Genetic Effects for Femoral Biomechanics, Structure, and Density in C57BL/6J and C3H/HeJ Inbred Mouse Strains

Abstract

Genome-wide QTL analysis for bone density, structure, and biomechanical phenotypes was performed in 999 (B6xC3H)F2 mice. Multivariate phenotypes were also derived to test for pleiotropic QTL effects. Highly significant QTLs were detected with pleiotropic effects on many of these phenotypes, and QTLs with unique effects on specific phenotypes were found as well. The inbred C57BL/6J (B6) and C3H/HeJ (C3H) mouse strains were previously shown to segregate quantitative trait loci (QTLs) for femoral bone density. The 999 s filial (F2) mouse progeny were further phenotyped for measures of femoral biomechanics (load to failure, Fu; work to failure, U; stiffness, S), structure (polar moment of inertia, Ip; moment of inertia ratio, Ir), and more specific femoral midshaft bone density measures (cortical and total vBMD). Two novel multivariate phenotypes were computed using principal component analysis, thus aiding in the exploration of pleiotropic effects of the QTLs detected. Results of a genome-wide analysis provided strong evidence of pleiotropic QTL effects on chromosome 4, with six of the seven primary phenotypic measures, representing femoral biomechanics, density, and structure, producing LOD scores greater than 8. Chromosomes 1, 8, 13, and 14 were also identified as harboring QTLs that affect phenotypes in two of the three aspects of bone properties.
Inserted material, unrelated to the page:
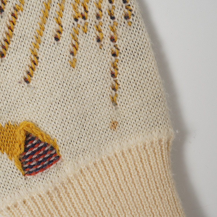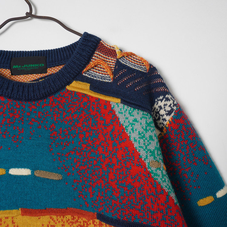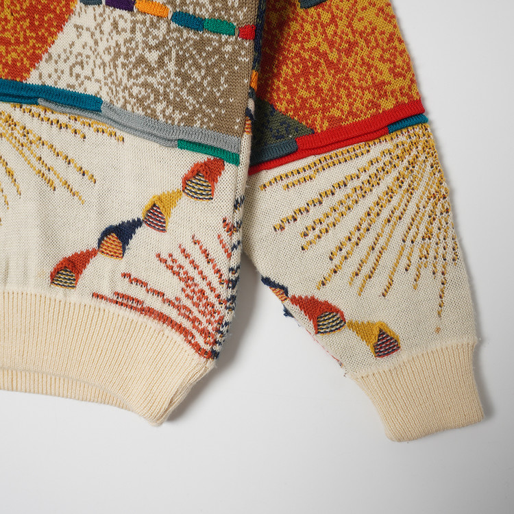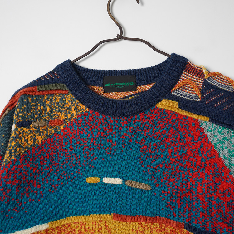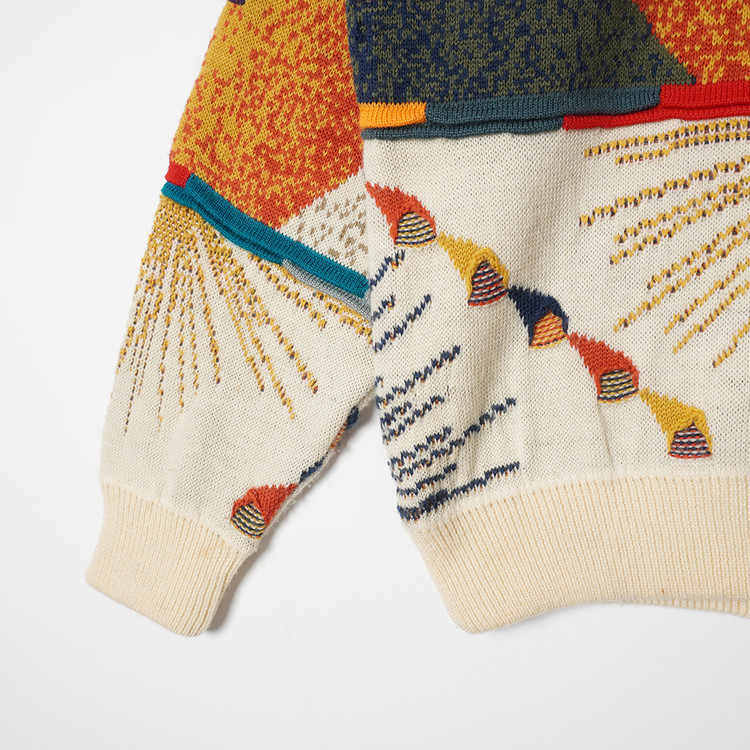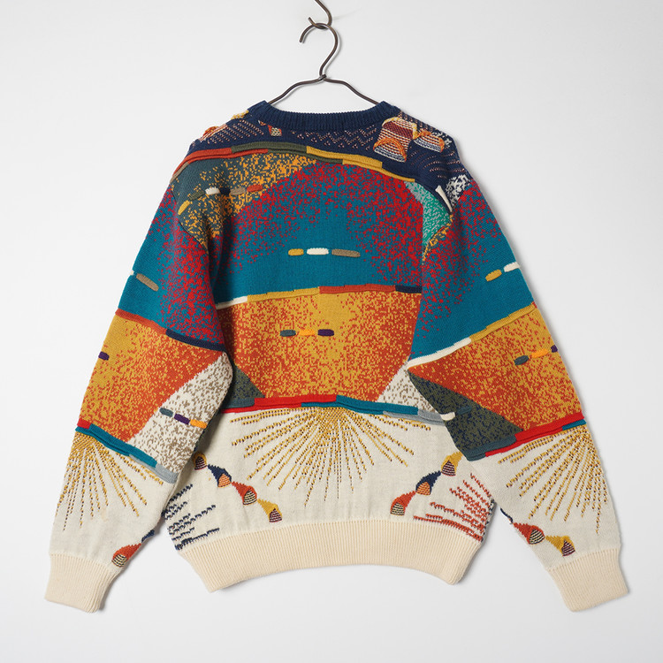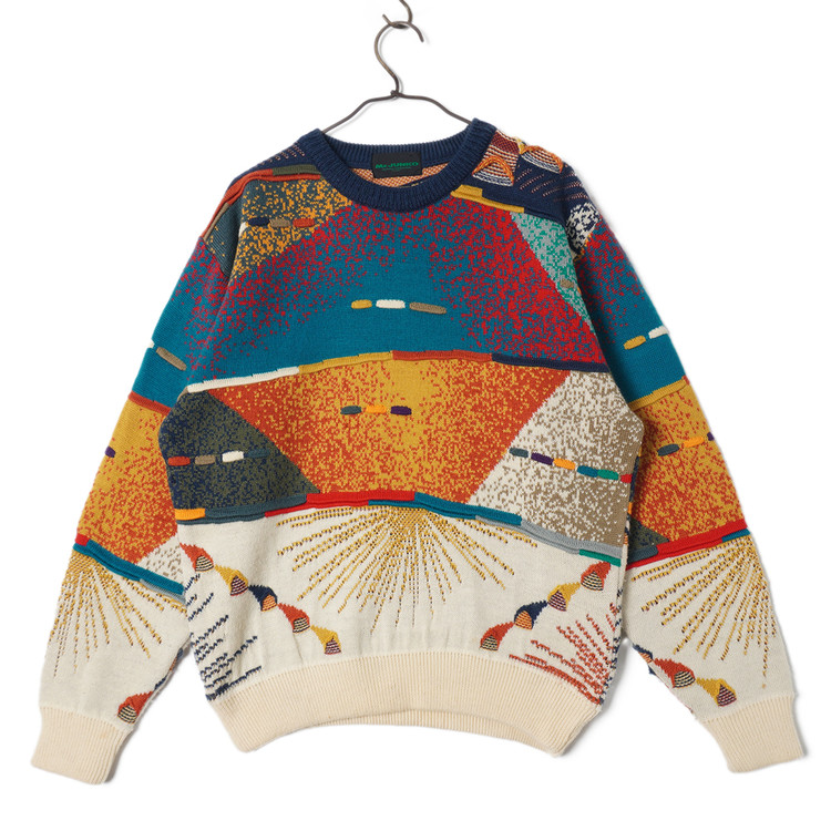 독특한 그래픽과 직조감의 3D 케이블 니트 스웨터입니다. 약간의 스팟성 부분이염 있으나 그래픽, 컬러 특성상 착용에 문제되지않을 정도입니다. 그외 우수한 컨디션

QTLs uniquely contributing to variability in biomechanical measures were identified on chromosomes 10 and 12, whereas a QTL solely affecting structure was found on chromosome 17. Analysis of the evidence for pleiotropic effects using principal component analysis revealed pleiotropic QTLs on chromosomes 4 and 14, influencing nearly all the bone phenotypes measured and revealed QTLs on chromosomes 1, 8, 13, and 17 with pleiotropic effects restricted to either density or the structure and stiffness phenotypes. The use of multivariate phenotypes has allowed us to identify pleiotropic effects of several QTLs previously linked in studies of other mouse strains and in human studies of bone mineral density and femoral structure, which will provide important insight regarding the importance of allelic variation on the entire skeleton.